The Blurb (from Goodreads):
In eighteenth century London, porcelain is the most seductive of commodities; fortunes are made and lost upon it. Kings do battle with knights and knaves for possession of the finest pieces and the secrets of their manufacture.
For Genevieve Planché, an English-born descendant of Huguenot refugees, porcelain holds far less allure; she wants to be an artist, a painter of international repute, but nobody takes the idea of a female artist seriously in London. If only she could reach Venice.
When Genevieve meets the charming Sir Gabriel Courtenay, he offers her an opportunity she can’t refuse; if she learns the secrets of porcelain, he will send her to Venice. But in particular, she must learn the secrets of the colour blue…
The ensuing events take Genevieve deep into England’s emerging industrial heartlands, where not only does she learn about porcelain, but also about the art of industrial espionage.
With the heart and spirit of her Huguenot ancestors, Genevieve faces her challenges head on, but how much is she willing to suffer in pursuit and protection of the colour blue?
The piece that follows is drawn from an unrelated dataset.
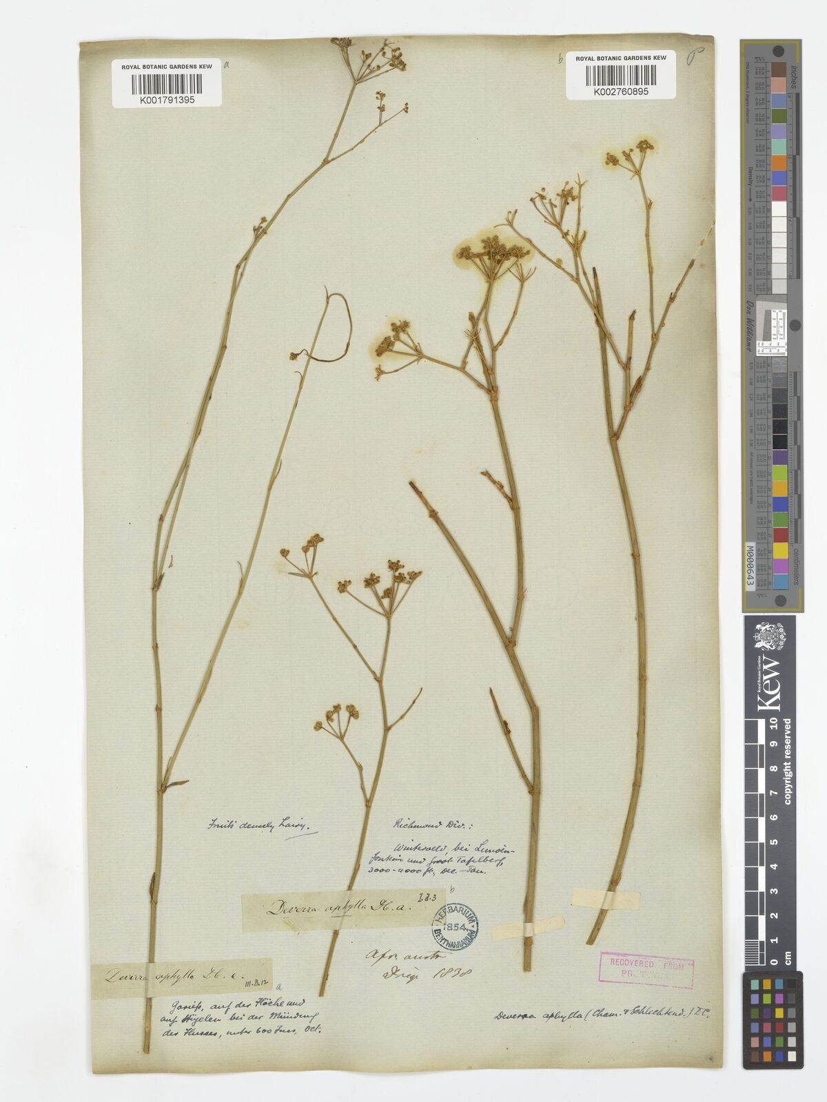 • Govaerts, R. (2000). World Checklist of Seed Plants Database in ACCESS Genera starting with letter D: 1-30141. [Cited as Deverra denudata subsp. aphylla.]

In eighteenth century London, porcelain is highly valued because of its delicacy, transparency and strength. Yet the world’s most sought-after porcelain is manufactured in France, and English porcelain makers will do anything they can compete.
Genevieve Planché, an English-born descendant of French Huguenot refugees, wants to be an artist, but such a dream is impossible for a young woman in England at that time. So when she meets a rich and charming man named Sir Gabriel Courtenay, who offers to send her to Venice to learn oil painting from the masters, she is seriously tempted. There’s just one catch. He wants her to spy for him. An English porcelain factory is said to have cracked the secret of firing the most astonishing cobalt-blue colour, and Sir Gabriel wants to know how.
The book races along at a cracking pace, as Genevieve faces danger after danger in her quest to find out the secret of the colour blue. Not least of all is the danger to her heart …
A hugely enjoyable historical spy-adventure, The Blue also taught me a lot I didn’t know about the porcelain industry and the history of my favourite colour.